*** Begin section ***

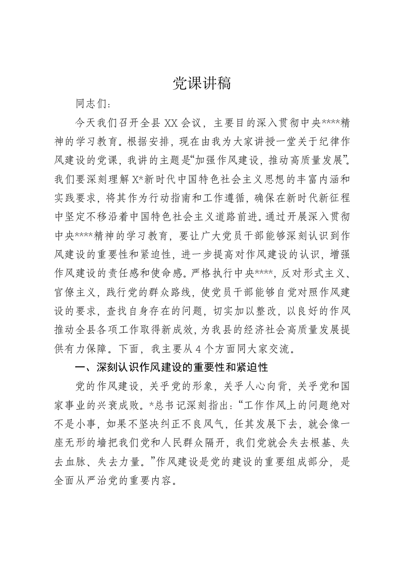 党课讲稿同志们:今天我们召开全县X会议,主要目的深入贯彻中央*精神的学习教育。根据安排,现在由我为大家讲授一堂关于纪律作风建设的党课,我讲的主题是“加强作风建设,推动高质量发展”。我们要深刻理解X*新时代中国特色社会主义思想的丰富内涵和实践要求,将其作为行动指南和工作遵循,确保在新时代新征程中坚定不移沿着中国特色社会主义道路前进。通过开展深入贯彻中央*精神的学习教育,要让广大党员干部能够深刻认识到作风建设的重要性和紧迫性,进一步提高对作风建设的认识,增强作风建设的责任感和使命感。严格执行中央*,反对形式主义、官僚主义,践行党的群众路线,使党员干部能够自觉对照作风建设的要求,查找自身存在的问题,切实加以整改,以良好的作风推动全县各项工作取得新成效,为我县的经济社会高质量发展提供有力保障。下面,我主要从4个方面同大家交流。一、深刻认识作风建设的重要性和紧迫性党的作风建设,关乎党的形象,关乎人心向背,关乎党和国家事业的兴衰成败。*总书记深刻指出:“工作作风上的问题绝对不是小事,如果不坚决纠正不良风气,任其发展下去,就会像一座无形的墙把我们党和人民群众隔开,我们党就会失去根基、失去血脉、失去力量。”作风建设是党的建设的重要组成部分,是全面从严治党的重要内容。(一)从党的形象塑造角度来看,党的作风就是党的一张“名片”。作风优良,党在人民群众心中就是一支纪律严明、全心全意为人民服务的先进队伍。革命战争年代,无数党员干部与战士们同甘共苦,“三大纪律八项注意”严格执行,不拿群众一针一线,睡马路、啃干粮,正是靠着这样清正廉洁、艰苦奋斗的优良作风,赢得了人民群众的衷心拥护,老百姓心甘情愿地为党送粮送衣、掩护伤员,成为党坚实的后盾。在和平建设时期以及当下的新时代,如果党员干部们能够秉持求真务实、勤勉敬业的作风,在工作中不推诿、不敷衍,脚踏实地地为地方谋发展、为群众解难题,那么党在人民心中就是有担当、可信赖的引领者形象。相反,一旦出现形式主义、官僚主义等不良作风,诸如只重表面文章、脱离群众高高在上等情况,就会极大地损害党的形象,让群众对党产生质疑与疏离感。(二)从人心向背的角度而言,党的作风建设直接决定着能否凝聚起最广大人民群众的力量。人民群众是历史的创造者,党只有紧紧依靠人民才能不断取得胜利。当党员干部们深入基层,倾听群众的呼声,切实关心群众的衣食住行、生老病死等切身利益,以良好的作风将党的温暖传递给每一个人,群众就会感受到党是和他们站在一起的,从而愿意积极响应党的号召,参与到国家建设的各项事业中来。在乡村振兴工作中,数百万党员干部扎根乡村地区,风里来雨里去,帮助群众发展产业、改善生活条件,用扎实的工作作风换来了乡村旧貌换新颜,也让群众对党充满感
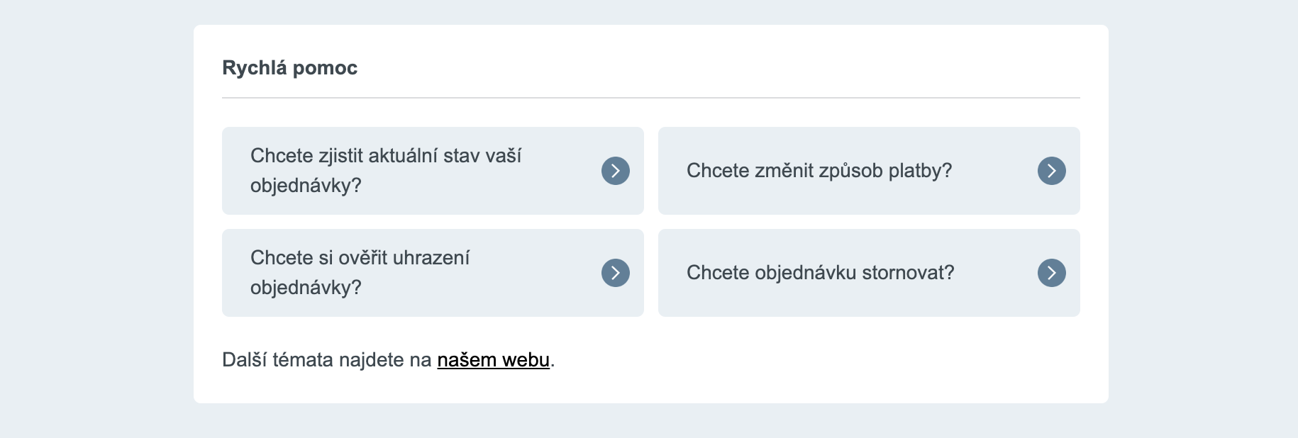 Samoobsluhu jsme vložili hned na několik míst na webu a také ji propojili s klientským účtem. Navíc v ní chytře v ní pracujeme s daty, které o zákaznících a objednávkách máme. Díky tomu jsme dokázali jednotlivé situace šikovně napodmínkovat.
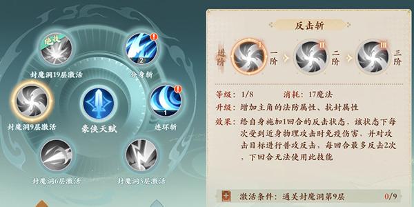 5技能:反击斩,施加1回合反击状态,每次受到近身物理攻击免疫伤害,并普通攻击反击,每回合最多反击2次,技能冷却2回合(2阶:反击次数+1、3阶:技能伤害结果额外增加10%)
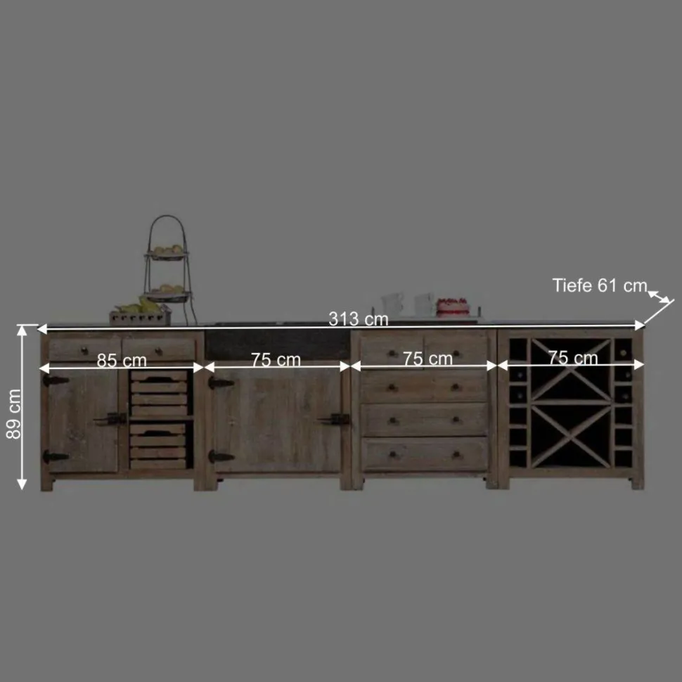 Die Küchenzeile „Ashvills“ ist 313 cm breit, 89 cm hoch und 61 cm tief und besteht aus vier funktionalen Teilen, die beliebig angeordnet werden können, um sich Ihrem Raum und Ihren Bedürfnissen optimal anzupassen.
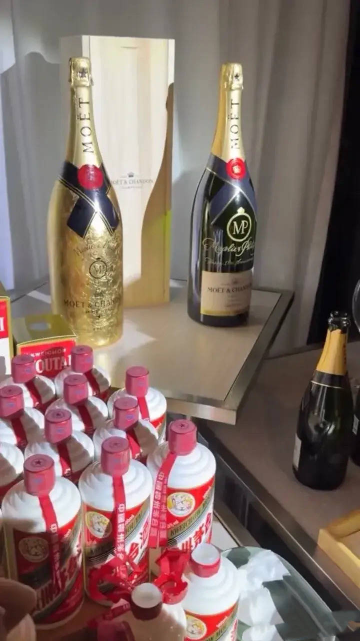主人家的安排也很到位,不仅有上百瓶茅台酒、还准备了香槟、红酒,一起庆祝。李乘德经营夜店生意、胡杏儿是一名老演员,来年更感人经济实力雄厚。
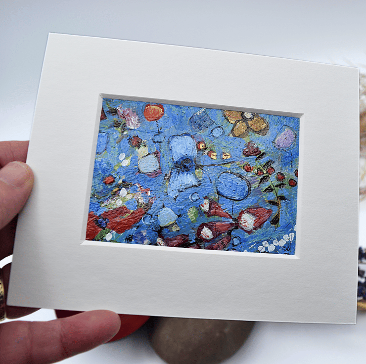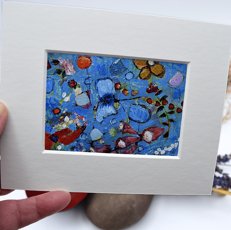 This is an original, one-off painting at 3.5 x 2.5 inches. The total size including the mount is, 5.5 x 4.5 inches (14 x 11.4 cms). Please note, this work comes unframed. It is mounted and is ready for a frame of your choosing or can be saved in a collector's album.

*** End section ***

[What the exercise asks]: Excluding the pictures, retype the line containing "Bedürfnissen optimal anzupassen." and all lines after it down to the end of the data above.

[Solved problem]:
 Die Küchenzeile „Ashvills“ ist 313 cm breit, 89 cm hoch und 61 cm tief und besteht aus vier funktionalen Teilen, die beliebig angeordnet werden können, um sich Ihrem Raum und Ihren Bedürfnissen optimal anzupassen.
主人家的安排也很到位,不仅有上百瓶茅台酒、还准备了香槟、红酒,一起庆祝。李乘德经营夜店生意、胡杏儿是一名老演员,来年更感人经济实力雄厚。
 This is an original, one-off painting at 3.5 x 2.5 inches. The total size including the mount is, 5.5 x 4.5 inches (14 x 11.4 cms). Please note, this work comes unframed. It is mounted and is ready for a frame of your choosing or can be saved in a collector's album.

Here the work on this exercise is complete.